Thank you, my friends!

第64回写真展 幻のプルドゥン(韓国 伊作島)

国際会議に出席するため、韓国に出張してきました。今ホットな「持続可能な都市開発」というテーマで、海外からの代表団、そして、全国(韓国)から集まった人々と交流できて有意義な会だった。今回特に印象に残ったのは、視察で訪れた海に浮かぶ幻のプルドゥンだ。

プルドゥンは固有名詞ではなく一般名詞のようで、潮の干満によってできる砂州(砂丘)のことだそうだ。1日に2~3時間しか見ることができないそうで、仁川から特別にチャーター船を出していただき、約2時間で大伊作島の南に姿を現したプルドゥンに上陸。まさか海の底を歩くとは思わなかった。全長約4キロと韓国でも有数のものだそうだ。最近、韓国のTVで紹介されて、韓国内でも注目されているとのこと。

帰国後、プルドゥンのことを何人かの人に話したところ、このような現象は「全羅道にある珍島(チンド)の海割れが有名ですが、確か時期は2月か3月だったはず」と教えてもらった。実は、出張する前に、もしかして天童よしみの「珍島物語」の舞台ではないかと調べてみたが違っていた。それでも、全羅道(チョルラド)が全く無縁というわけではない。千の島があるという新安(シナン)から来た海洋学者たちと共にプルドゥンを見学することができたからだ。木浦とか地図の上だけでしか知らなかった全羅道の地名が身近なものとなった。その夜、同じく全羅道の光州から来ていた代表団の人々と大いに盛り上がった。

それから、「珍島物語」だけではなく、「ひょっとして『シルミド』(実尾島)と関連あるかも」と出張前に、こっそり映画をチェックしたが、伊作島の方はもっと沖合だった。

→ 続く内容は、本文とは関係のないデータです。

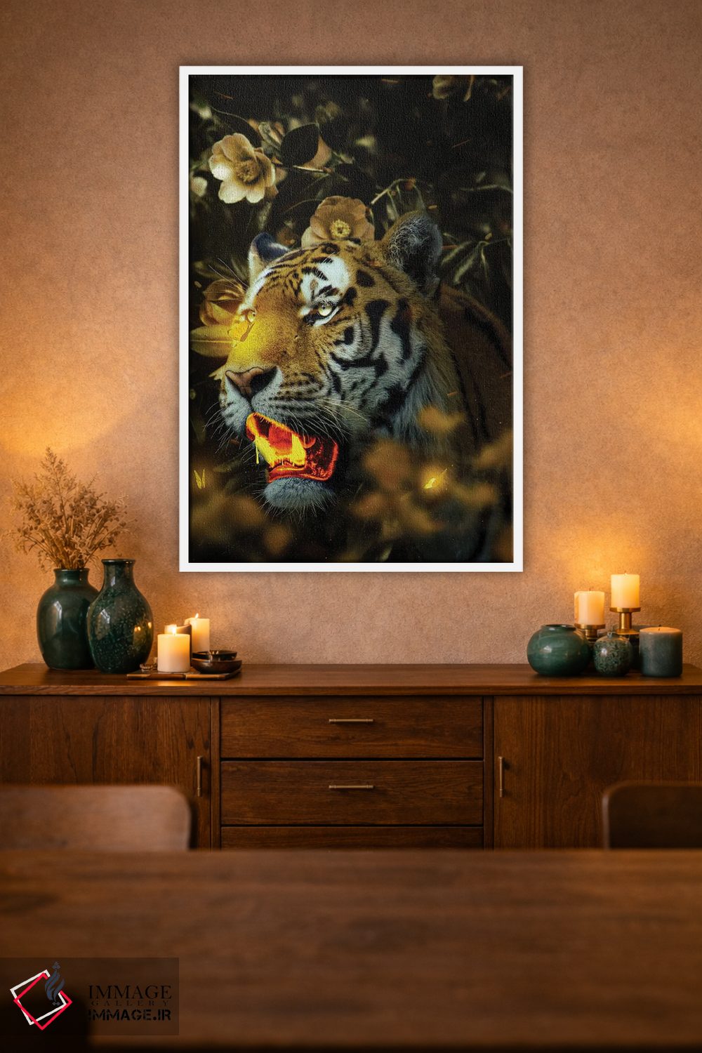 براساس پالت گرم اثر، قاب تیک گرم (چوبی) پیشنهاد اول است و مشکی مات (فریم متوسط) مکمل. برای سفارشهای پروژهای با ابعاد و قابهای اختصاصی با ایماژ در تماس باشید.

出張の予習が映画鑑賞と笑えるが、「シルミド」を観ていたおかげで、「いい映画だったね」と、会話が弾んだ。仁川のあたりは干満の差が大きく、干潮の時は島が陸続きになったりすることもあるそうだ。仁川空港のあたりは干潟が続く。

プルドゥンが海に姿を消す前に、大伊作島へ移動して、村長さんの民泊(ペンション)の中庭で、昼食をいただいた。済州島から来ていた代表団の方が、地引網に引っかかった魚を刺身にしてくれて、コチュジャンで食べたが美味しかった。「ワサビと両方つけて食べなさい」と言われたが、まずはコチュジャンで賞味することにした。このことも、帰国後、何人かの人に話したのだが、韓国ではコチュジャンで食べるのがディフォルトだそうだ。また、コチュジャンをお酢でのばして使うと聞いたが、そう言われれば、ゆるい液体状で食べやすかった。釜山あたりでは白身魚にワサビの組み合わせもポピュラーだそうで、「両方つけなさい」が何となく理解できた。刺身は、韓国語で膾(フェ)と言うそうだ。(情報ありがとう!)

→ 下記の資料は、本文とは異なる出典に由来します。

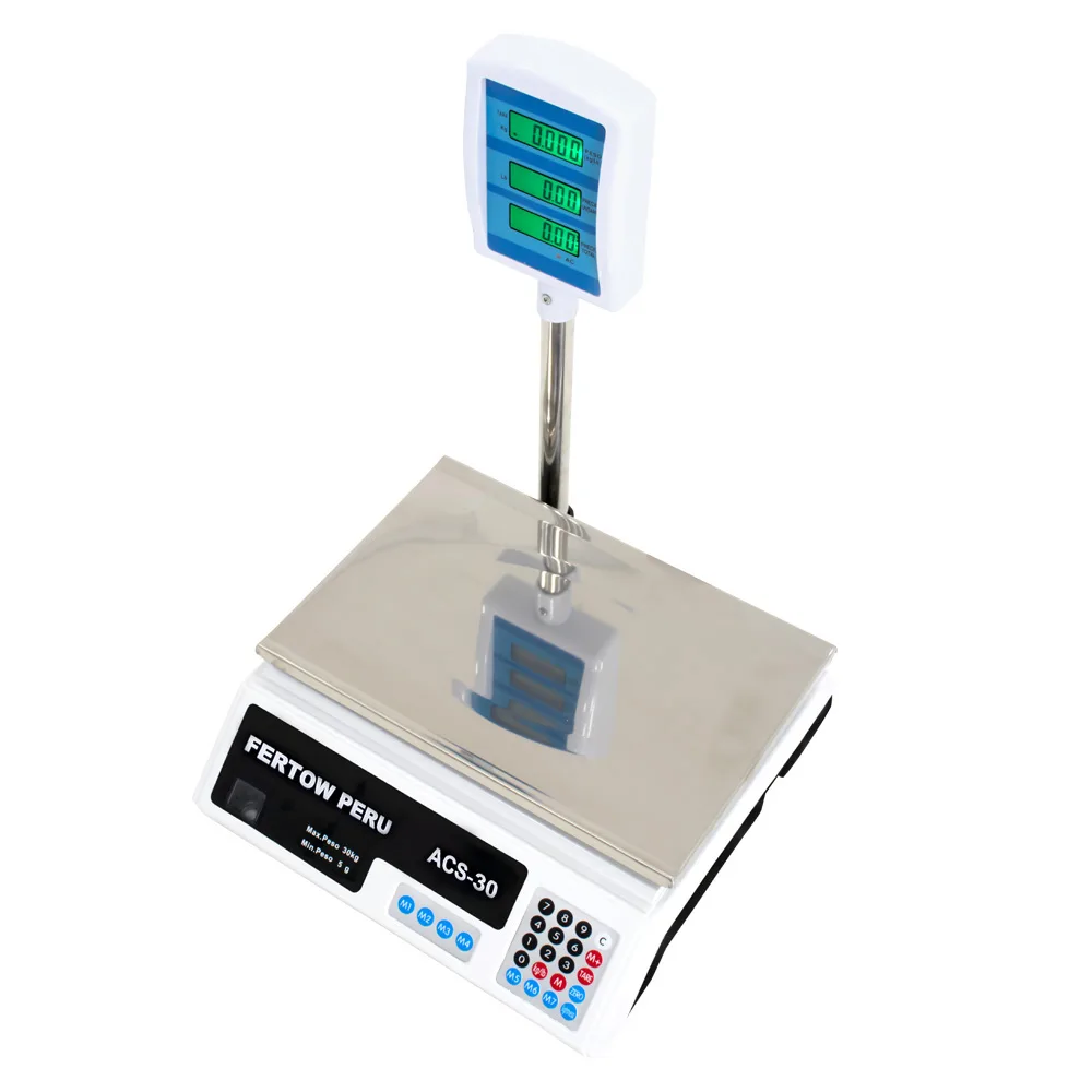 Capacidad de pesaje de hasta 30 kg, ideal para productos de diversos tamaños.

島でとれた野菜と海の幸を盛り込んだ味噌汁も大釜で作ってくれたのだが、今まで韓国で食べた味噌汁の中で一番美味しかったと思う。帰国後、この体験を「素朴だが上品な白味噌仕立て」と話すと、「あちらで『白味噌』は見たことがありません。大豆から作ったテンジャンという日本でいう田舎味噌ならとてもポピュラーですけど……」と、クレームが付いた。実は、自分でも不確かだったのだが、どう表現したらよいのか苦心したあげく思い付いた言葉だった。味噌の発酵がどんどん進んで味が濃くなる前の若い味噌のことを言いたかったのだ。

四国山脈で手作りしている田舎味噌を定期購買しているが、いつも「白味噌」と書いているのに、白味噌に見えたことはない。そして、熟成度によって色が濃くなるし、夏、冷蔵庫に入れていないと、あっという間に、テンジャンのように濃厚な味になる。しかしながら、今回、初めて韓国で若い味噌を口にして、四国山脈の田舎味噌と接点を見つけたのだ。「ああ、これだ!」と思った。四国山脈の味噌もテンジャンと同じく大豆ベースだ。また、貝のエキスと白味噌が絶妙にマッチしているので、勝手に書いてしまったが、そのおかげで、いろいろ教えてもらえたし発見があった。大釜の味噌汁は自家製の田舎味噌を使ったのに間違いないだろう。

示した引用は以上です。